Men Invented ‘Likability.’ Guess Who Benefits.
If the supposedly unlikable Hillary Clinton didn’t break the highest, hardest glass ceiling in 2016, she made enough cracks in it to encourage others to try again: Six women are competing for the Democratic nomination today. But guess what? We don’t seem to like them either.
As Elizabeth Warren, Kamala Harris, Amy Klobuchar and others jumped into the race, each seemed to affirm the new power of women in 2019, a power that was born when President Trump was sworn into office, exploded during #MeToo and came into its own during the 2018 midterms.
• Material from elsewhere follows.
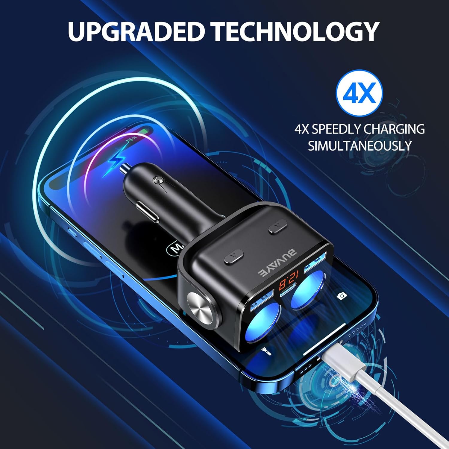 Car Cigarette Lighter Splitter, BUVAYE 12V/24V Dual Cigarette Lighter Adapters for Cars 2-Socket Car Charger Adapter for iPhone/iPad/GPS/Dash Cam/Laptop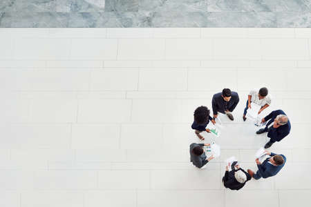 High angle shot of a group of businesspeople going through paperwork together

But no female candidate has yet led the polls. The men keep joining — Michael Bennet this week, Joe Biden the last — and keep garnering glowing press coverage. Although Mr. Biden fumbled two previous presidential bids, we are told he has “crossover appeal”; Bernie Sanders has been admired by this newspaper as “immune to intimidation”; and Pete Buttigieg, who would be the first openly gay man nominated for president, is “very authentic.” By contrast Ms. Harris is “hard to define”; Ms. Klobuchar is “mean”; and Ms. Warren is a “wonky professor” who — you guessed it — is “not likable enough.” Seeing comments like this, Mrs. Clinton said wryly in January, “really takes me back.”
Likability: It is nebulous, arbitrary and meaningless, yet inescapable — and female politicians seem to be particularly burdened with it even when they win and especially when they run for president.